ASSIGNMENT.
Among the records below, find the line with "Apropos Essen! Auf" and the line with "La protección IP55". Set down both and every line between, exactly and with no pictures, but nothing else.

EXERCISE INPUT.
==*==

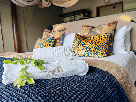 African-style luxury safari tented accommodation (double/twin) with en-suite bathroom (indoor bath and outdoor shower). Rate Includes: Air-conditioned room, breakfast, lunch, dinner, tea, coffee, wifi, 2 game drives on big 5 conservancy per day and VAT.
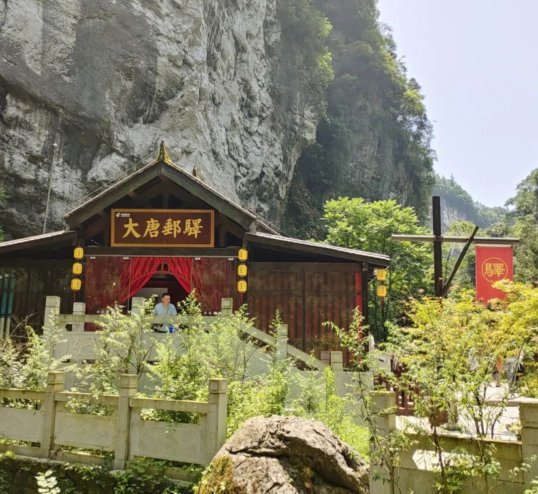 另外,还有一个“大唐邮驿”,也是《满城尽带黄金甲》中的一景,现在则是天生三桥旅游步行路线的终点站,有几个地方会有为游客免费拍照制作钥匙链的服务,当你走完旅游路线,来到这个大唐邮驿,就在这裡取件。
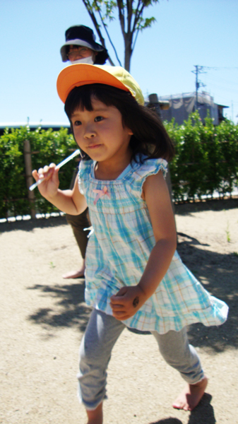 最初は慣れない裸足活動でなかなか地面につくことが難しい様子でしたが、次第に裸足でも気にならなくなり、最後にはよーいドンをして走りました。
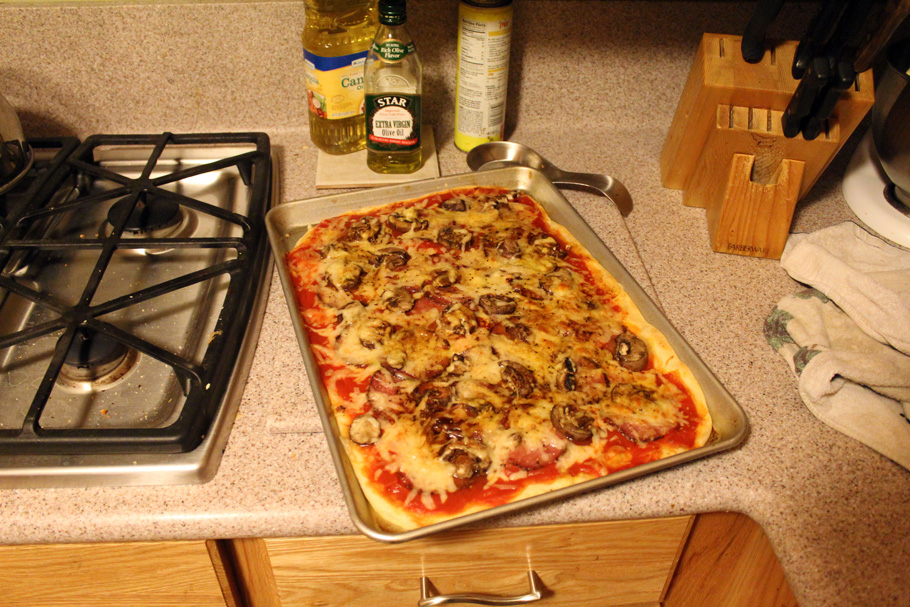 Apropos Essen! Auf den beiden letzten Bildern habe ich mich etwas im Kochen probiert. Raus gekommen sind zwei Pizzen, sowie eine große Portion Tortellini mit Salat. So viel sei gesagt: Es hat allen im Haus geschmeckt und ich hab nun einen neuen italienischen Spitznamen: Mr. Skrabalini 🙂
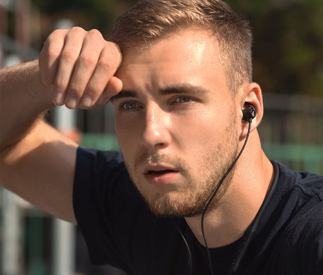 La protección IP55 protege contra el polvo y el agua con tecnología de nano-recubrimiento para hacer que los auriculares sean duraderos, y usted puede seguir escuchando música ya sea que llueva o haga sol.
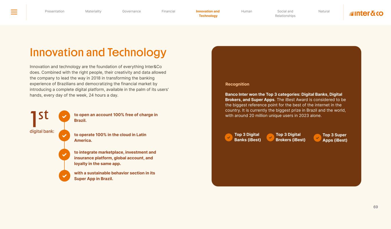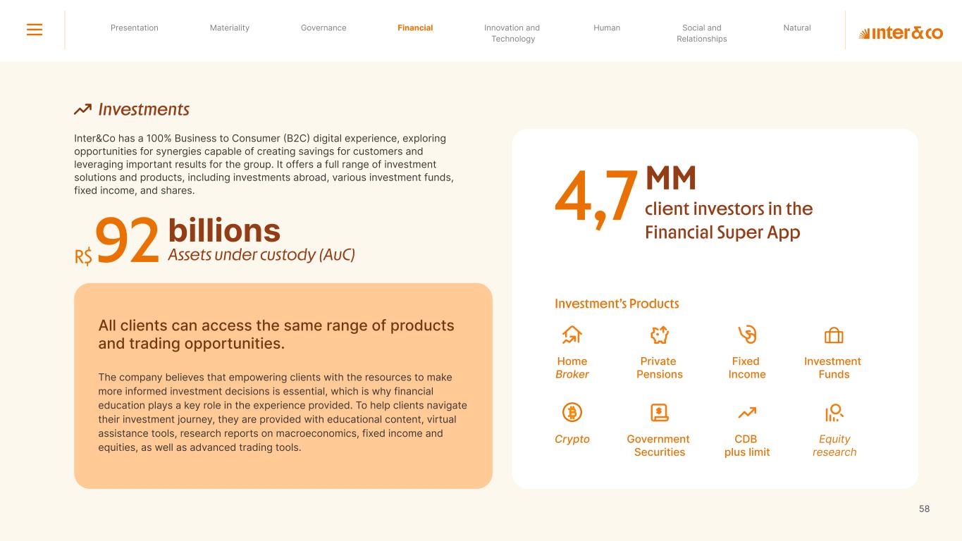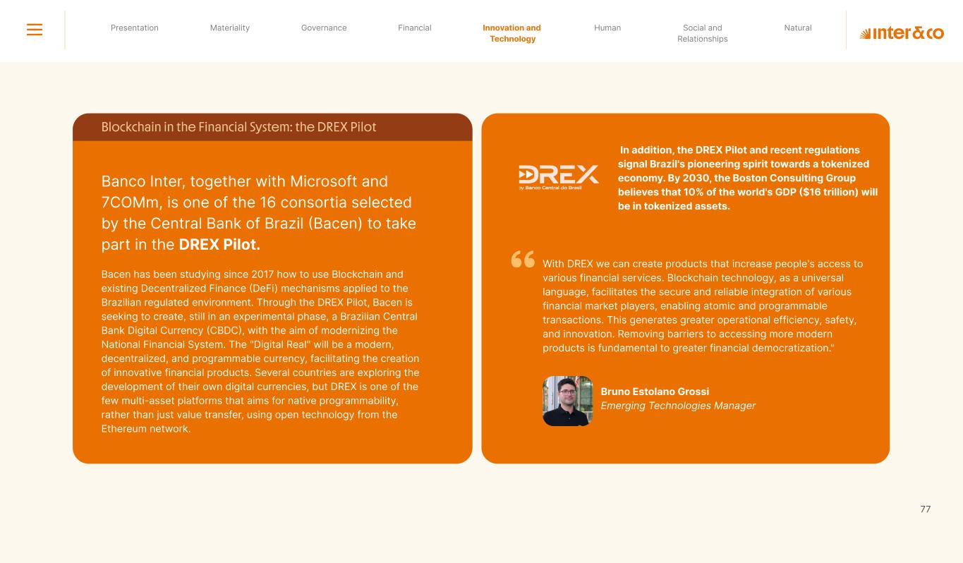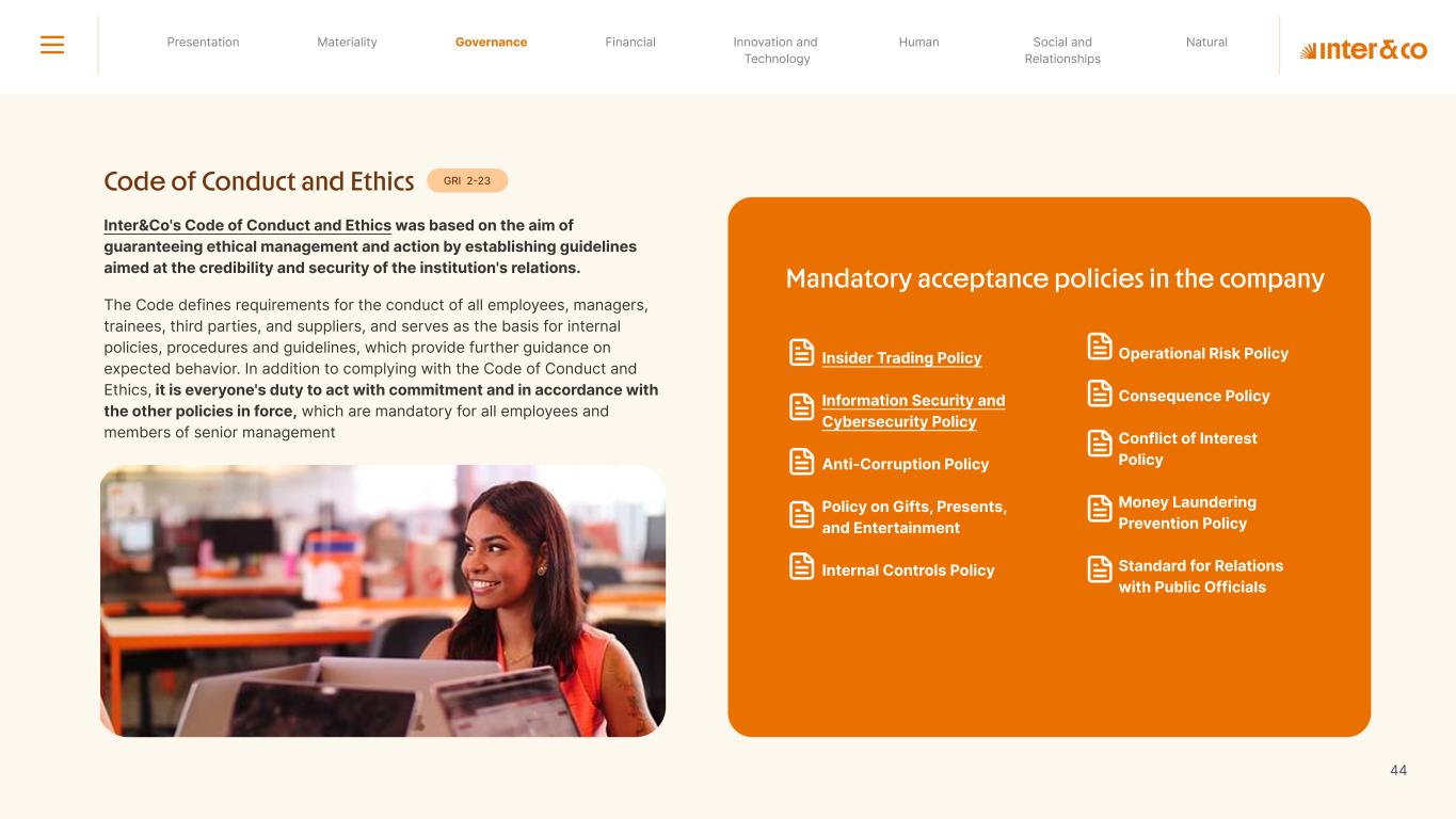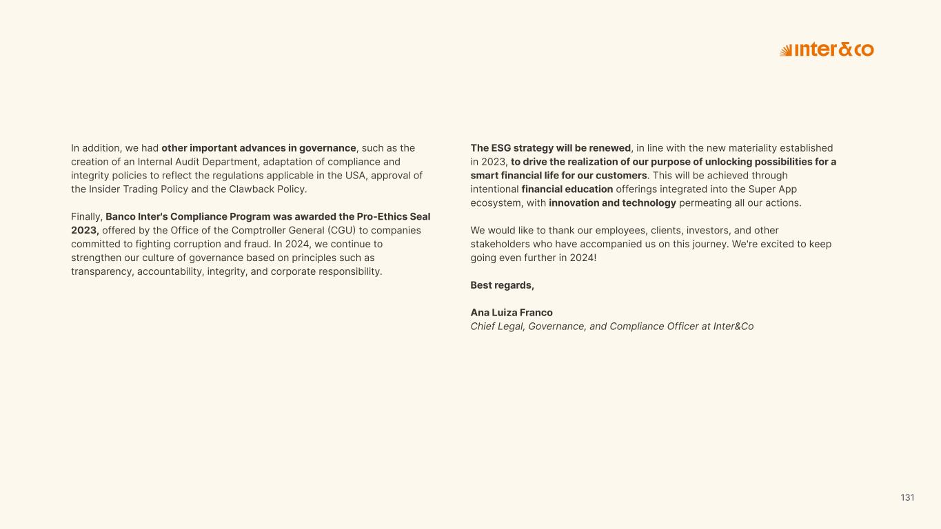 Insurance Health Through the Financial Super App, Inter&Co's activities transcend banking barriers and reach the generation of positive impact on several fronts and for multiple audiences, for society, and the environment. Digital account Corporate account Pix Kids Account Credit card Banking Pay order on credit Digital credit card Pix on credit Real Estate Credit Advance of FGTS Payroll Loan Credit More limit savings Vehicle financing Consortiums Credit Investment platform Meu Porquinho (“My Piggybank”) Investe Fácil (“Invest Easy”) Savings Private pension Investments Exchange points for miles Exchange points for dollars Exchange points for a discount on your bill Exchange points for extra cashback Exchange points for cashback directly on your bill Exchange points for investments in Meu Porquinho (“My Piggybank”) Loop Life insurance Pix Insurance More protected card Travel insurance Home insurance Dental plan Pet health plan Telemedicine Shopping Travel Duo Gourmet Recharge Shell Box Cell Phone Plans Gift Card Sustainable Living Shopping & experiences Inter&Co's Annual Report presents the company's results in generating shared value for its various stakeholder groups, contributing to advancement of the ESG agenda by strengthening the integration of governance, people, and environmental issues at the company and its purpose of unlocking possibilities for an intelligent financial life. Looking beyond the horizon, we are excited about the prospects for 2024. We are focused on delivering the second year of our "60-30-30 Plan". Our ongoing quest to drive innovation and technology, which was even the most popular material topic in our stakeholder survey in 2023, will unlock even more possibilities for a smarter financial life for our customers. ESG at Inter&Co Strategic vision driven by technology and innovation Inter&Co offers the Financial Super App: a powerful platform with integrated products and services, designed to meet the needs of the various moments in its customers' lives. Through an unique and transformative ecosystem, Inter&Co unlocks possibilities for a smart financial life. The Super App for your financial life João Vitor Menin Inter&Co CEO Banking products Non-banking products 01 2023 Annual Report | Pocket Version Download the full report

==*==

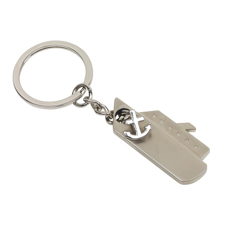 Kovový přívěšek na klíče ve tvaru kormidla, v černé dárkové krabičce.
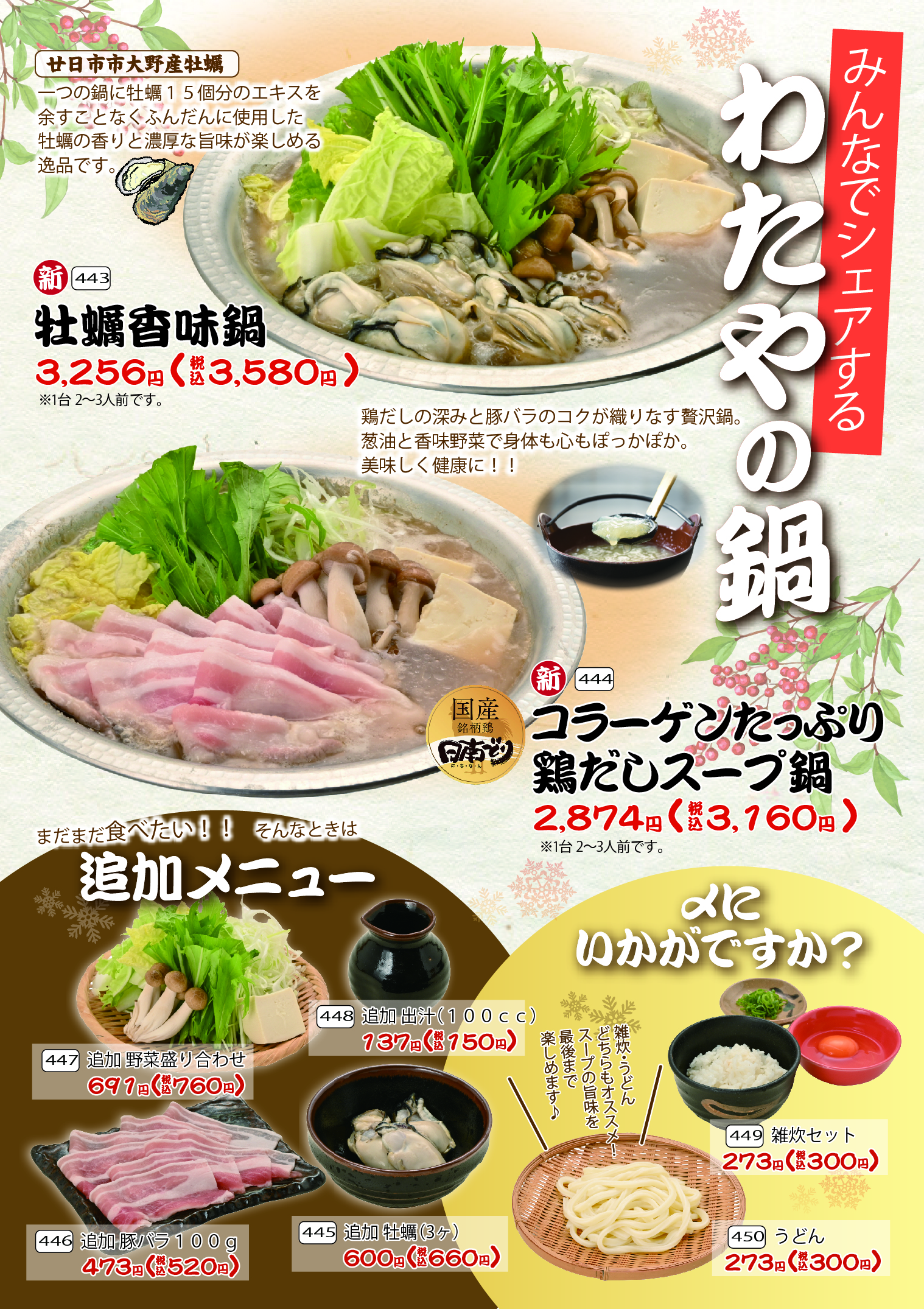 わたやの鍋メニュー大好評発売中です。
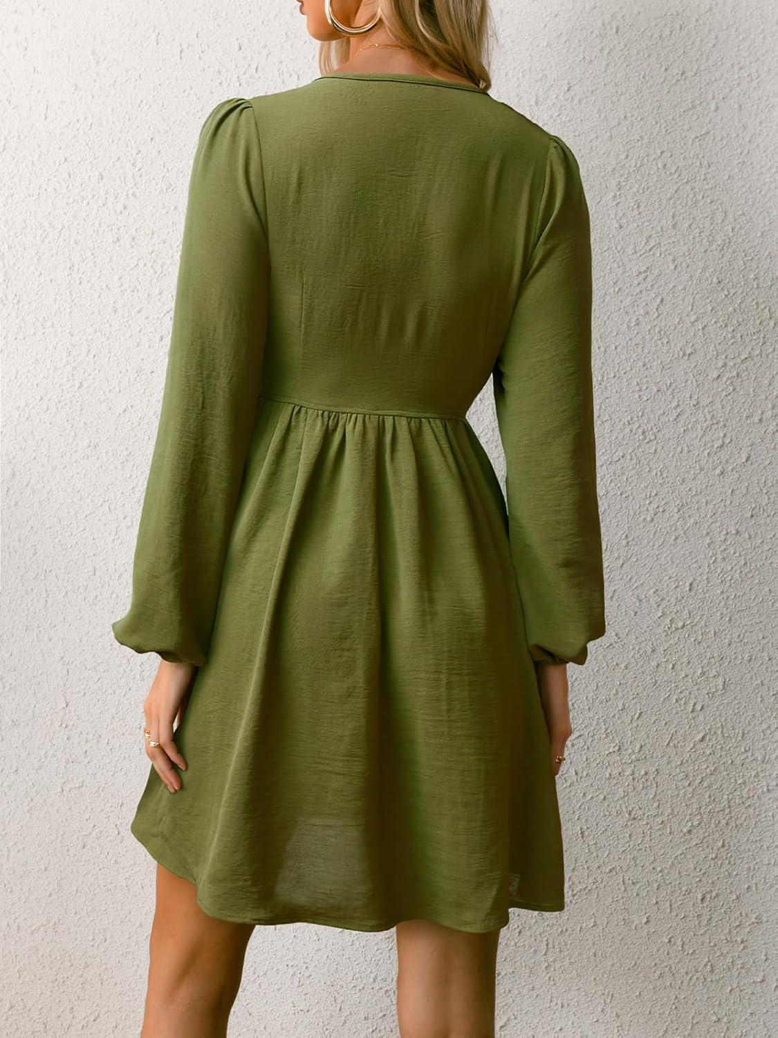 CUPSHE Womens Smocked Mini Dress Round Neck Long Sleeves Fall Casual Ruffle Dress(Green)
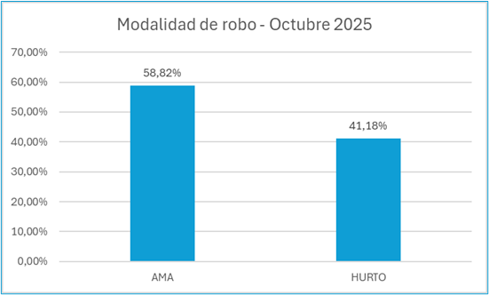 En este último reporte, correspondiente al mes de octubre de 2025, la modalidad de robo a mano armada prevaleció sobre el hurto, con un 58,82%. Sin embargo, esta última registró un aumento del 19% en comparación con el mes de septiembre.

==*==

SOLUTION BELOW.
 Apropos Essen! Auf den beiden letzten Bildern habe ich mich etwas im Kochen probiert. Raus gekommen sind zwei Pizzen, sowie eine große Portion Tortellini mit Salat. So viel sei gesagt: Es hat allen im Haus geschmeckt und ich hab nun einen neuen italienischen Spitznamen: Mr. Skrabalini 🙂
 La protección IP55 protege contra el polvo y el agua con tecnología de nano-recubrimiento para hacer que los auriculares sean duraderos, y usted puede seguir escuchando música ya sea que llueva o haga sol.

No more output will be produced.